Arbi, what isdynamic injection
?From SiA:
If you’re familiar with Spring, you might be tempted to use static injection
as the primary means of wiring your components together. I don’t
recommend that you standardize on this approach. For one, it requires a
ridiculous amount of XML. In general, XML should be reserved for infrastructure
configuration. Although not applicable in this example, you
also must ensure that you aren’t injecting a component from a shorterterm
scope into a component in a longer-term scope, as it results in
scope impedance. It’s much cleaner, safer, and Seam-esque to wire components
together using dynamic injection, declared using the @In annotationSo dynamic injection is injection that occurs more than once. It occurs every time a business method is called on that component. Static injection occurs only once in the lifetime of the compoment, either via setter method or constructor.

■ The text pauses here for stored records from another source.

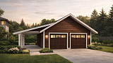 Деревянный гараж — это не только удобное и функциональное сооружение, но и отличная возможность дополнить архитектурный стиль вашего участка. Деревянные конструкции остаются вечной классикой, так как дерево — экологически чистый и натуральный материал. Одним из основных преимуществ деревянных гаражей является их доступная цена, что делает их более выгодным вариантом по сравнению с постройками из других материалов. При правильном строительстве деревянный гараж может служить десятилетиями, сохраняя все свои свойства и привлекательный внешний вид. Мы заботимся о качестве наших конструкций, обрабатывая древесину надёжными пропитками, которые защищают от гниения и плесени. Огнебиозащитные средства обеспечивают устойчивость к влаге, ультрафиолетовому излучению, перепадам температуры и другим атмосферным воздействиям. Кроме того, мы можем предложить утепление гаража, учитывая важность пароизоляции для сохранения тепла и защиты конструкции. Индивидуальное проектирование позволит вам точно вписать гараж в экстерьер вашего участка и оптимально спланировать внутреннее пространство для удобства использования. Создайте идеальное место для хранения вашего автомобиля и оборудования с нашим деревянным гаражом!
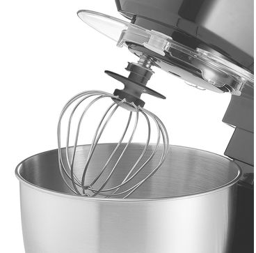 Комплектация лопатка, насадка для смешивания, защитная крышка, документация, крюк для теста, венчик для взбивания, чаша
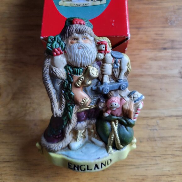 These 4 Santa's of the Nations porcelain figurines, depicting Santa Claus from China, Italy, France, and England, are a unique and collectible addition to your holiday decor. Hand-painted and featuring an asymmetrical shape, these small figurines stand at 4 inches tall and showcase a multicolor design. Manufactured in 1991 as part of a classic collection by RSVP, these international-themed figurines are perfect for teens and adults looking to add a touch of seasonal charm to their home.
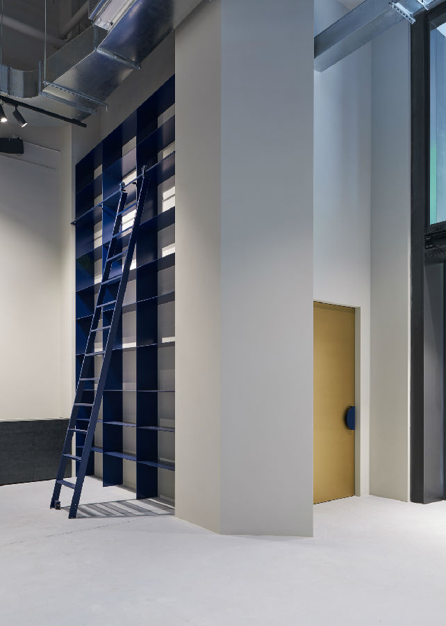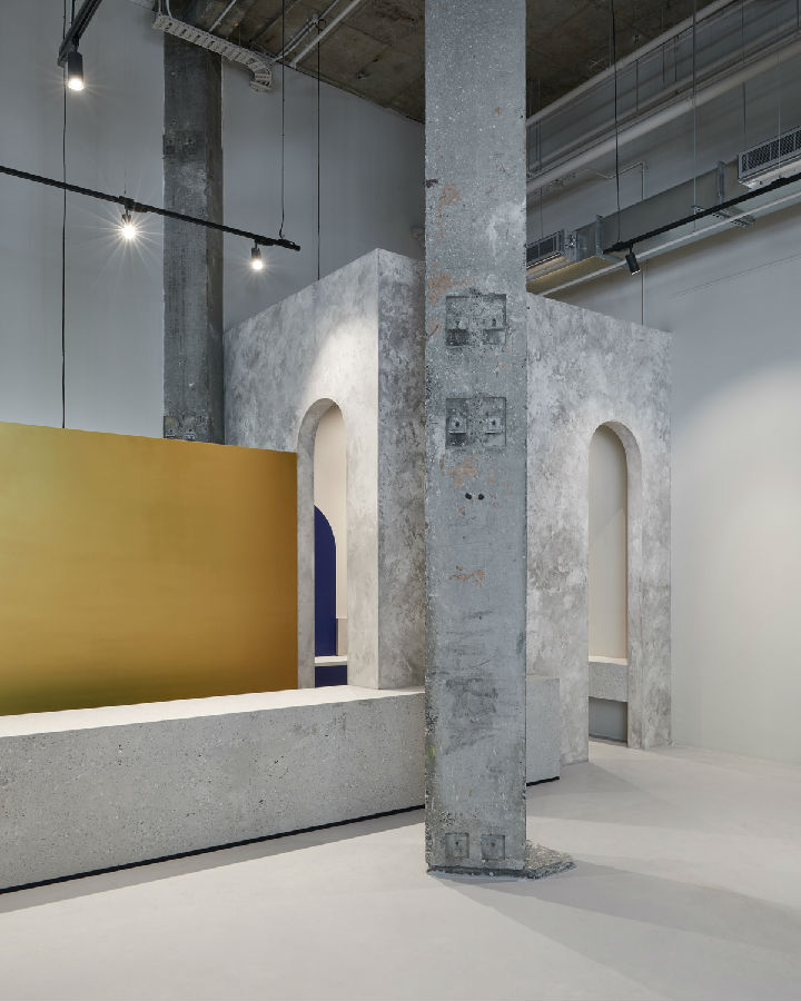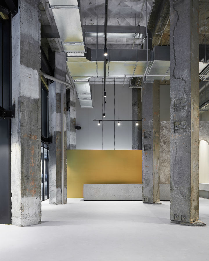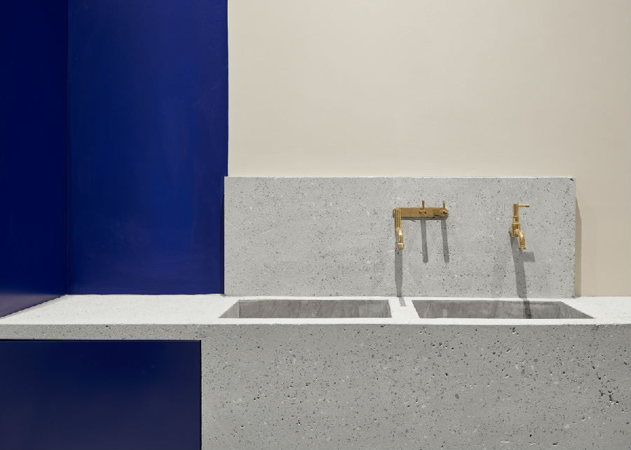 选择了蓝色、金色和黄铜的调色板来对比和补充裸露的混凝土柱的粗糙度,为工业色彩提供了时尚的威严和温暖。前面的柜台是一个纪念碑的混凝土和形式嵌入与海军蓝色细节。黄铜水龙头和配件在公用设施间的铸造混凝土槽中引起了阴谋。

Reading my initial post, it has more to do with Spring that Seam/WB but I guess I'll re-word it so it's applicable to this forum:
If WB/Seam3 uses dynamic injection (most likely it does - at least Seam 2.x does), what would happen if it was designed with static injection instead? What limitation(s) would that bring to our apps? I'm just wondering how Spring apps deal with this stale injection problem on a continual basis and if it is a problem in a stateful or stateless architecture or both.
I mean, if you can deal with static injection, that means less interceptions and injections than dynamic DI and less overhead per life of a component and overall better performance, no?
Here's my point:
What if we wanted static DI sometimes and dyamic DI sometimes in the same component or different components? Mix and match as the use case requires to improve performance. Or is the performance hit negligible with dynamic DI? Not all use cases in a Seam app are modeled using stateful components, are they? What about a report, for example, or a web service consumption/client for a credit card validator service, etc?